▶ _Your goal_:
If an entry holds a picture, leave the picture out and copy the rest exactly.

[Items from a dataset]
+++
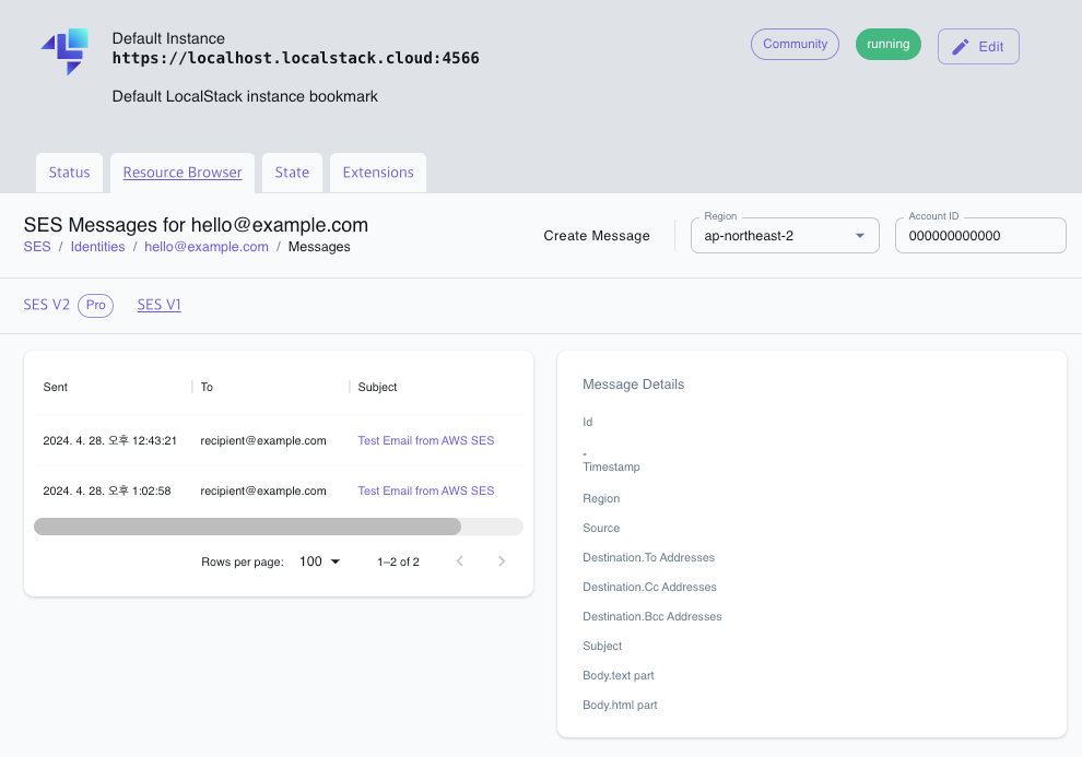 위에 기술된 LocalStack의 SES는 SES V1을 기준으로 하는 것이다. 유료 플랜을 결제하면 SES V2를 사용할 수 있고 SMTP를 연동하여 실제 이메일 전송도 할 수 있는 것으로 보인다.
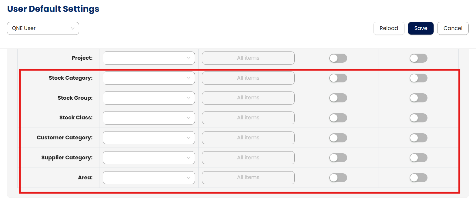 Additional Transaction and Report Filter Section: Below the default settings, there is an additional section that applies the same configuration controls to transaction classifications and report filtering. This ensures consistency between transaction entry and report visibility.
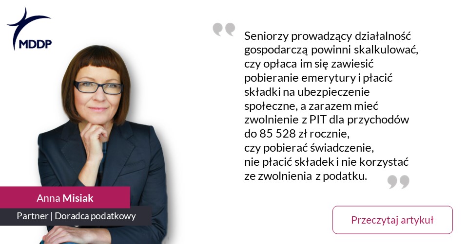 Anna Misiak, doradca podatkowy, partner w firmie MDDP, zauważa: „Seniorzy powinni więc skalkulować, czy opłaca im się zawiesić pobieranie emerytury i płacić składki na ubezpieczenie społeczne, a zarazem mieć zwolnienie z PIT dla przychodów do 85 528 zł rocznie, czy pobierać świadczenie, nie płacić składek i nie korzystać ze zwolnienia z podatku”.
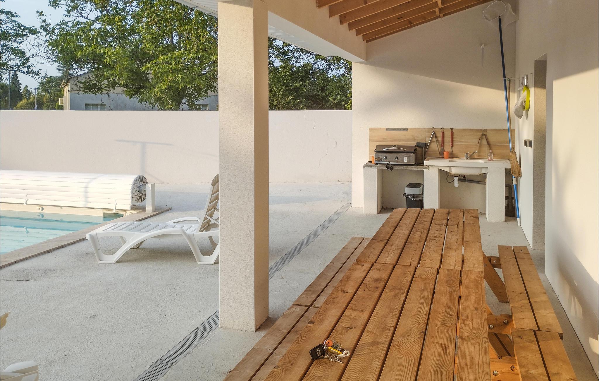 Der geschlossene Gartenbereich wird sicher ein beliebter Rückzugsort während Ihres Urlaubs. Verbringen Sie entspannte Stunden auf der Terrasse, während Ihre Kinder und Vierbeiner sich im Freien austoben. Schwimmen Sie ab und zu eine Runde im Pool und nutzen Sie später die kleine Außenküche mit Grill für ein leckeres Barbecue.
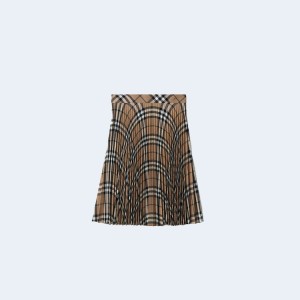 • 버버리 플리츠 체크 울 블렌드 스커트
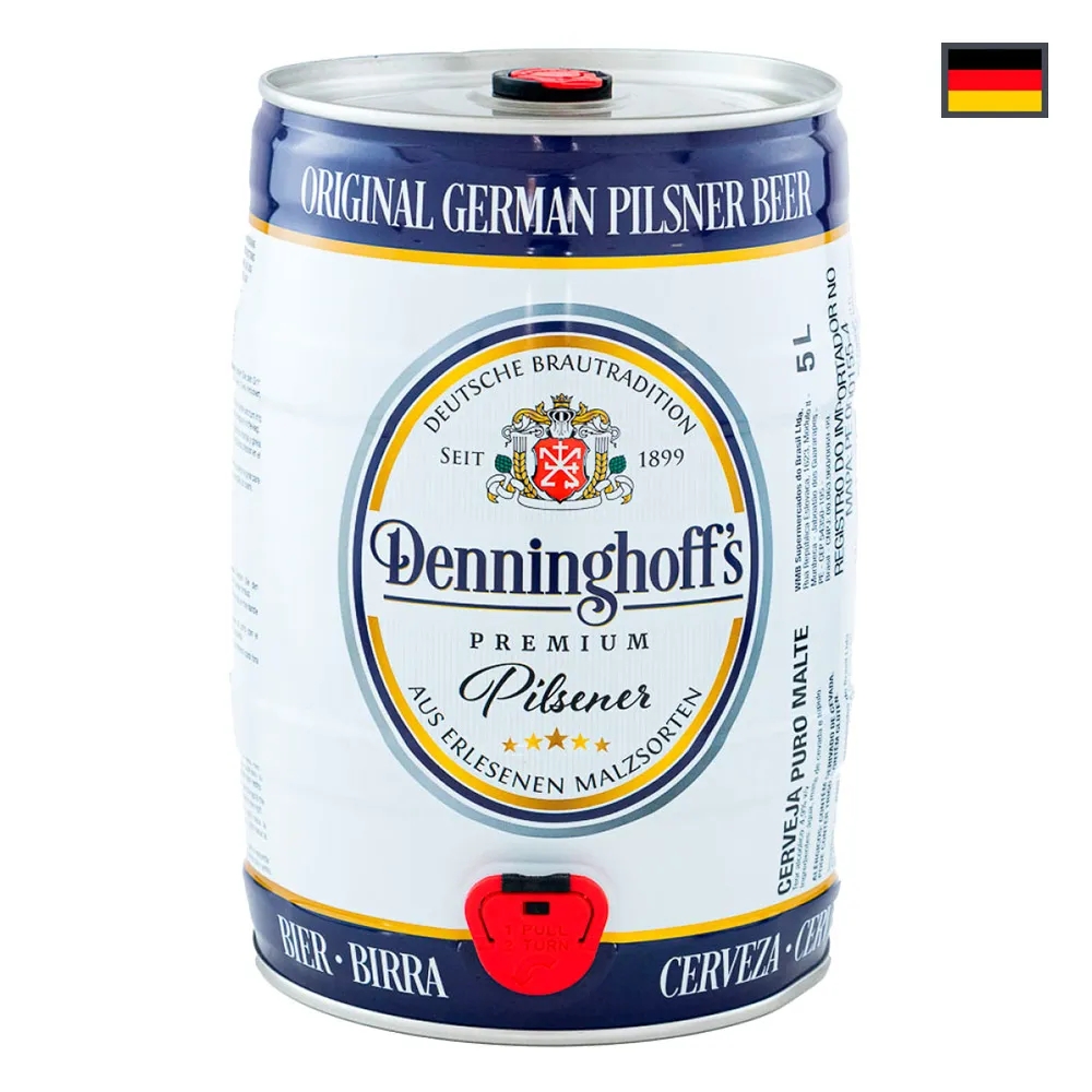 O Barril de Cerveja Alemã Denninghoffs 5 Litros – Pilsner oferece uma experiência autêntica da tradicional cerveja alemã, reconhecida por seu sabor equilibrado, refrescante e levemente amargo, típico do estilo Pilsner.
+++
▶ _Exercise solution_:
 위에 기술된 LocalStack의 SES는 SES V1을 기준으로 하는 것이다. 유료 플랜을 결제하면 SES V2를 사용할 수 있고 SMTP를 연동하여 실제 이메일 전송도 할 수 있는 것으로 보인다.
 Additional Transaction and Report Filter Section: Below the default settings, there is an additional section that applies the same configuration controls to transaction classifications and report filtering. This ensures consistency between transaction entry and report visibility.
 Anna Misiak, doradca podatkowy, partner w firmie MDDP, zauważa: „Seniorzy powinni więc skalkulować, czy opłaca im się zawiesić pobieranie emerytury i płacić składki na ubezpieczenie społeczne, a zarazem mieć zwolnienie z PIT dla przychodów do 85 528 zł rocznie, czy pobierać świadczenie, nie płacić składek i nie korzystać ze zwolnienia z podatku”.
 Der geschlossene Gartenbereich wird sicher ein beliebter Rückzugsort während Ihres Urlaubs. Verbringen Sie entspannte Stunden auf der Terrasse, während Ihre Kinder und Vierbeiner sich im Freien austoben. Schwimmen Sie ab und zu eine Runde im Pool und nutzen Sie später die kleine Außenküche mit Grill für ein leckeres Barbecue.
 • 버버리 플리츠 체크 울 블렌드 스커트
 O Barril de Cerveja Alemã Denninghoffs 5 Litros – Pilsner oferece uma experiência autêntica da tradicional cerveja alemã, reconhecida por seu sabor equilibrado, refrescante e levemente amargo, típico do estilo Pilsner.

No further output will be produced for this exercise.